Io credo di no: quello che è accaduto in queste settimane ha cambiato la prospettiva, la legittimazione e il contenuto del mio lavoro!

Desidero “iniziare” questo nuovo mandato nel segno di una rinnovata responsabilità, dedicando la mia riconferma a tutti quelli che mi sono stati vicino in questo appassionante percorso. Un percorso iniziato con la cena del 29 settembre 2009, in cui annunciavo l’intenzione di candidarmi sul territorio, passato attraverso le settimane della campagna elettorale, lo scrutinio del 29 marzo per arrivare fino ad oggi.

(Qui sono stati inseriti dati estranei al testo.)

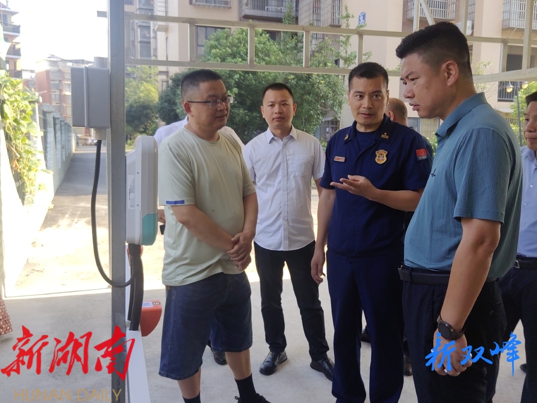 新双峰客户端7月26日讯(全媒体记者 王乐星 实习记者 贺毓垣 通讯员 贺超荣 )7月25日,县委常委、常务副县长伍鹤群率县发改、消防、住建、应急、自然资源等部门以及县铁塔公司负责人到永丰街道部分住宅小区调研“两电”安全隐患全链条整治工作。
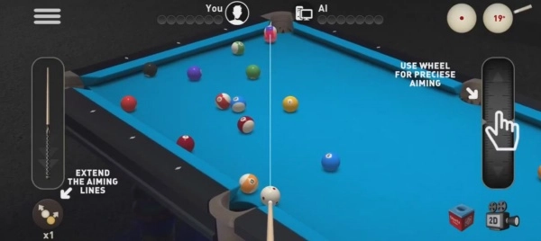 1、玩家通过拖动与调整球杆方向和力度完成击球,可细致控制出杆速度与击球点,影响母球路线。

Quanti meritano il mio grazie! a partire da mia moglie Camilla e dalla mia famiglia che ha condiviso con me ogni attimo, dalla mia splendida squadra, dai tanti sostenitori che hanno speso generosamente tempo ed energie, fino ad arrivare all’ultimo elettore del più remoto comune della provincia di Varese che mi ha sostenuto con il suo voto senza neppure che io lo conoscessi personalmente!

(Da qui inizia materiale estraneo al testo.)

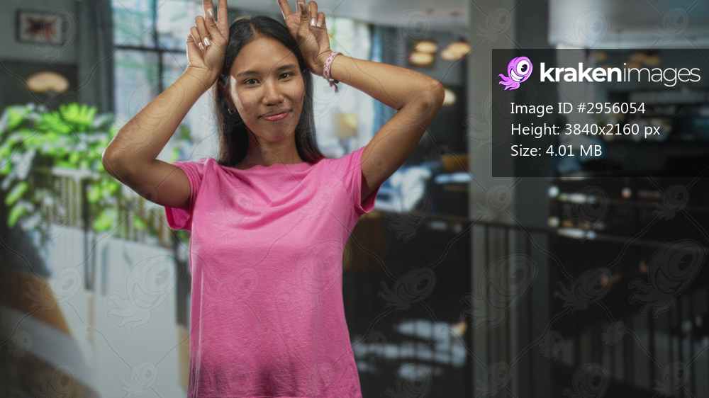 Thai woman making peace sign bunny ears with hands and smiling in a building cafe area wearing pink t shirt; playful joy.

Ma questo grazie è il fondamento di un nuovo inizio. Di una consapevolezza diversa di cosa significa rappresentare un territorio, di quale dignità ha la politica quando riceve un mandato fiduciario liberamente espresso con il voto e di quale impegnativa natura e grave responsabilità è intessuto questo legame di fiducia che riguarda personalmente me e ciascuno di voi. Avere più lucidamente nella mente e nel cuore il popolo che mi ha sostenuto, che ha vissuto assieme a me l’esperienza della campagna elettorale e che ho avuto il privilegio di incontrare e conoscere è ciò che fa la differenza. Un popolo che lavora, che fa impresa, capace di fare rete, impegnato nel sociale e che ha davvero a cuore la costruzione del bene comune. Che merita dunque una politica all’altezza della sfida.

Questa nuova consapevolezza è la Grazia di questo inizio! Ed è la più energica e consistente ragione per riprendere un impegno che si concretizzerà nel lavoro quotidiano, rimboccandosi ogni giorno le maniche e consumando le suole delle scarpe sul territorio per affermare con i fatti che la politica è la capacità di rispondere concretamente ai bisogni delle persone. È questo e non altro! È intessuta di una dignità che nel mio caso si evidenzia, più che nei grandi discorsi o nelle astratte strategie, nei treni che devono funzionare meglio, nelle opere pubbliche che rispettano tempi e costi, ecc.

Anche per mantenere quelle promesse che in politica si pronunciano velocemente in campagna elettorale e che altrettanto velocemente si dimenticano subito dopo. E che invece io voglio ribadire proprio oggi: in questi 5 anni metteremo a posto i treni per i pendolari prestando attenzione al trasporto pubblico locale perché i cittadini lombardi meritano una rete efficiente e all’avanguardia e rispetteremo le date per la conclusione delle opere avviate, facendo in modo che le tante “prime pietre” posate nella passata legislatura trovino pieno compimento rispettando le scadenze e i costi previsti! Su questo oggi voglio “metterci la faccia” e farò di tutto per non perderla.

Voglio continuare a stare in mezzo alla gente: siete voi a dare un valore più grande al mio incarico. Voi mi fate sentire ancora più onorato di continuare a rappresentare, all’interno della Giunta regionale e all’interno del Popolo della Libertà, il territorio e, in particolare, la nostra Provincia di Varese che da sempre ho nel cuore, consapevole che ora più che mai occorre accorciare le distanze per recuperare fiducia nella politica.